Most cities have cliches associated with them. Toronto has a big ego and a big chip on its shoulder, a bunch of bad sports teams and a hilariously awful mayor. Vancouver, where I am hanging my hat this week, has a few things that Toronto lacks -- mountains, ocean, mild temperatures (I have never heard so much griping over +5 in late November. Get over it, people!) rain mixed with more rain, and earthquakes.
Yup, earthquakes. The sign beside the elevator call button in my hotel is a graphic representation of what to do in the event of an earthquake. There it is over there.
I am old enough to remember the STOP, DROP, AND ROLL drills -- government plans designed to help us Scarborough Ontario elementary schoolers survive an atomic blast. Would stopping, dropping and rolling have saved us? We never had a nuclear explosion to deal with so I don't know for sure. Maybe we would have stopped dropped and rolled ourselves to safety while the fireball somehow passed us by and vaporized everyone else. Maybe not.
I want to know what to do in the event of an earthquake so I studied the sign carefully. Seems that my instinct -- to run around screaming -- is wrong. In an earthquake -- at least as far as I can judge from the graphic -- you are supposed to find yourself a table and cling to one of its legs. Does this sound silly? Well, yes. Maybe not as silly as stopping and dropping and rolling to avoid an atomic blast, but pretty silly.
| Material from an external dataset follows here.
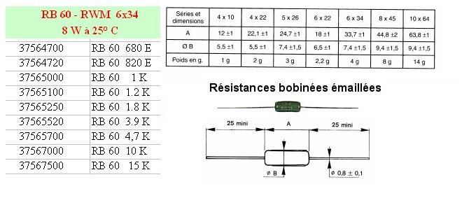Résistance bobinée vitrifiée RB60 - 10 KOhms 5% 8 Watts

The only table in my suite is a teeny thing I put my book and wine glass on. I could practically wear it like a hat. If I feel a rumble from the fault line while I am working or reading, will I lie on the floor and pull this table over me? Probably not. I may find myself stopping, dropping and rolling out of instinct. But I am more likely to run around screaming. Maybe I will take my wine glass with me.